- Venator Venator
- Coordinates: 43°20′53″N 118°18′19″W﻿ / ﻿43.34806°N 118.30528°W
- Country: United States
- State: Oregon
- County: Harney
- Elevation: 3,767 ft (1,148 m)
- Time zone: UTC-8 (Pacific)
- • Summer (DST): UTC-7 (Pacific)
- Area code: 541
- GNIS feature ID: 1136866

= Venator, Oregon =

Unincorporated community in the state of Oregon, United States

Venator is an unincorporated community in Harney County, Oregon, United States. It is on Crane–Venator Road about 17 mi southeast of Crane, near the South Fork Malheur River.

Alphena Venator, a native of Linn County, settled in Harney County as a youth in 1872. Alphena's father Jezreel is the namesake for Venator Canyon in Harney and Malheur counties. When Alphena established a livestock ranch in the area in 1884, the locale soon became known as "Venator". Venator post office was established in 1895, with Louella Venator as the first postmaster. The office was later moved two and a half miles north to a station on the now-abandoned Oregon Eastern Branch (or Burns Branch) of the Union Pacific railroad.

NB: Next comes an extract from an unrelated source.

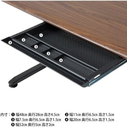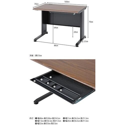 シンプルでスタイリッシュなデザインのデスクです。引き出し付きで文房具などの収納が可能です。天板にはコード通し用の穴が空いており、配線もスッキリとまとめることができます。 |

As of 1976, there were only six buildings and a corral at the site, although at one time there was a Civilian Conservation Corps (CCC) camp in the area.

==Education==
Venator is in Harney County School District 4 (Crane School, grades K-8) and Harney County Union High School District 1J (Crane Union High School).

There was previously a Venator School District 16.